Events-Collection

"Academic Freedom in the United States"
Apr 18, 2023 from 04:15 PM to 05:45 PM

Academic freedom is an essential precondition for higher education and, more generally, for democracy. Central to the American understanding of academic freedom is the concept of “extramural utterance,” that is, professorial speech that occurs in the public sphere, which next to research, teaching, and participation in institutional governance counts as a co-equal element of academic freedom. Dr. Tiede’s lecture engages American conceptions of academic freedom, important historical academic freedom cases, and social science research on academic freedom. Central for his interrogation is how academic freedom has been understood in American culture and what role universities play in current culture wars. Hans-Jörg Tiede is Director of Research at the American Association of University Professors.

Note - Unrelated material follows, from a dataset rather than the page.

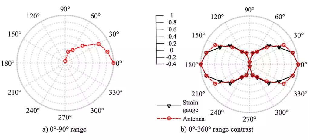 根據應變花測量原理,確立貼片天線應變傳感器對結構應變的全向檢測方法,即只需獲取貼片天線3個角度上頻率的變化值,便可確定結構的主應變大小及方向。建立了應變全向檢測系統(見圖7),并結合試驗條件設計制作了拉伸試件。在拉伸試件上表面的受力均勻區域黏貼微帶貼片天線,同時,在試件下表面的相同區域黏貼電阻應變片。在加載不同主應力的情況下,分別利用圓形微帶貼片天線應變傳感器和電阻應變片測量了不同平面夾角方向的應變變化曲線。由測量結果可知,2種檢測方法測量結構應變的數值一致,表明利用圓形貼片天線可表征結構應變的大小及方向,并且試驗中最小可分辨的平面夾角為15°。應變隨角度變化關系如圖8所示。此外,相較于電阻應變片,圓形貼片天線應變傳感器只需1組即可實現結構應變大小及方向的無源無線測量。

"The West is Everywhere: The Western as a Transcultural Genre"
May 16, 2023 from 06:15 PM to 07:45 PM

The Western is the quintessential American genre the Hollywood movie industry thrived on. Its special aesthetics, narratives, and cinematic conventions forged a particular sense of national identity. However, in a global film market, movement and mobility took place not only on screen; ideas, topics, and artists also moved on. No longer tied to the American frontier, the neo-western has developed into an exciting transcultural cinematic mode. The lecture interrogates how the genre negotiates cultural difference and local context in several parts of the – not just Western – world. Dr. Elfi Bettinger is an independent scholar, living in Berlin.

"The Original Flapper is a Copy"
May 23, 2023 from 06:15 PM to 07:45 PM

The lecture interrogates the modernist aesthetics of multiplication in its particular impact on ideas and fantasies of gender. Looking at chorus girls as the emblematic figures of multiplication in the 1910s and 1920s, Prof. Mayer challenges the reading of these figures as reified „mass ornaments“ and shows how the chorus brought forth the flapper. Ruth Mayer holds the chair of American Studies at Leibniz University in Hannover, Germany.